As the one Begotten though the Virgin was equal to the very God who begot with her, so too the one begotten though the father is equal to the God who begets him.

Nyssa makes God’s ousia beyond all naming. But then either the Trinity is not God’s ousia, or it is not revealed.

If “mystery” = “stuff you shouldn’t think about”, then “revealed mystery” is a mistake. If it means “Stuff you can’t think about” then a revealed mystery is impossible.

mystery is the act of the (eschatologically) potential as potential.

The truth of (the intrinsically false) “don’t try to figure out mysteries” is “be prepared to wait”.

To wait in frustration is contrary to hope.

From A Christological Catechism “How Much, In Fact, can we claim to know about the historical Jesus?”

Translation: To what extent can we assimilate the Gospels to a larger textual field where a miracle is considered beyond the minimum necessary to believe?

What sort of discourse values the least that can be believed? How important is the difference between the fundamental and the least necessary? There seems to be a likeness here to the difference between the axiomatic (which all explanations strive to be based on) and the “brute fact” (which no one ever bases explanations on, but only invokes to ward off cosmological arguments).

Brentano’s refutation of the Ontological Argument

Start with the argument in simplest form

TTWNGCBT is something that must exist in reality and not just the mind

God is TTWNGCBT

So God must exist in reality and not just the mind.

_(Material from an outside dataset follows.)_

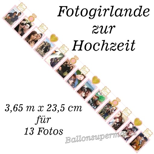 Mit der zauberhaften "Fotogirlanden zur Hochzeit" zaubern Sie schnell und einfach eine effektvolle Dekoration für Ihr Hochzeitsfest und lassen die schönsten Momente Ihrer Liebe noch einmal Revue passieren. Bezaubern Sie Ihre Gäste mit den wundervollen, vielseitigen Dekoideen aus dem Ballonsupermarkt.

Brentano claims the argument commits the fallacy of equivocation. Normally this would occur in the middle term, but Brentano sees it as occurring in the word “is”. There are two senses if the word, call them a and b:

a.) In a sentence like “A shoemaker is a person who makes shoes” or “a cheetah is a large cat” the sentence can be re-written by replacing “is” with “means”.

b.) In a sentence like “the car is on the freeway” cannot be re-written in the same way, but involves a claim beyond what means about what is real.

Now either the premises are both a, both b, or we have one of each. If both are a, then the conclusion only explains what the word means, and is not a proof that God exists; if both are b, then the minor premise begs the question. But if we have one of each, then the argument involves an equivocation on “is”. Since Brentano takes it as self-evident that the first premise is a (b) and the second is an (a), he takes it as an obvious equivocation.

Brentano explains further that if one is allowed to mix a and b senses of “is” he can prove anything, e.g.

a shoemaker is a person who makes shoes

But you can’t make shoes if you don’t exist, can you?

Therefore a shoemaker exists.

or

A unicorn is a horse with a single horn

But in order to have any horn at all you need to exist

Therefore a unicorn exists.

One response to Brentano is that he seems to prove too much: Proving the existence of anything, would seem to require both senses of “is”, e.g.

A black swan is (means) something that looks like a swan, but is black

Oh look, there is something that looks like a swan, but is black.

Objection to Hume

Hume: Just because the universe came from a mind does not mean it came from an infinite mind.

Objection: A finite mind could account for the universe as a fiction but not as real; but the universe is real, therefore, etc.

Ad minorem: Even an omnipotent mind cannot determine any information that falls outside of the text or script or shot. No degree of textual insight, for example, can tell us on what day of the week Othello killed Desdamona, how many plants they had in their house, whether the floor was covered or with what, whether the killer was right or left handed, ad infinitum. But any detail that a finite mind can know is present to someone who sees a real husband kill his wife. And so if the real proceeds from a mind, it proceeds from one that can determine every possible way that every possible finite mind could consider the details outside of any one account or story. But any mind capable of producing, and therefore accounting for all that can be known by any possible finite mind is not itself finite, therefore, etc.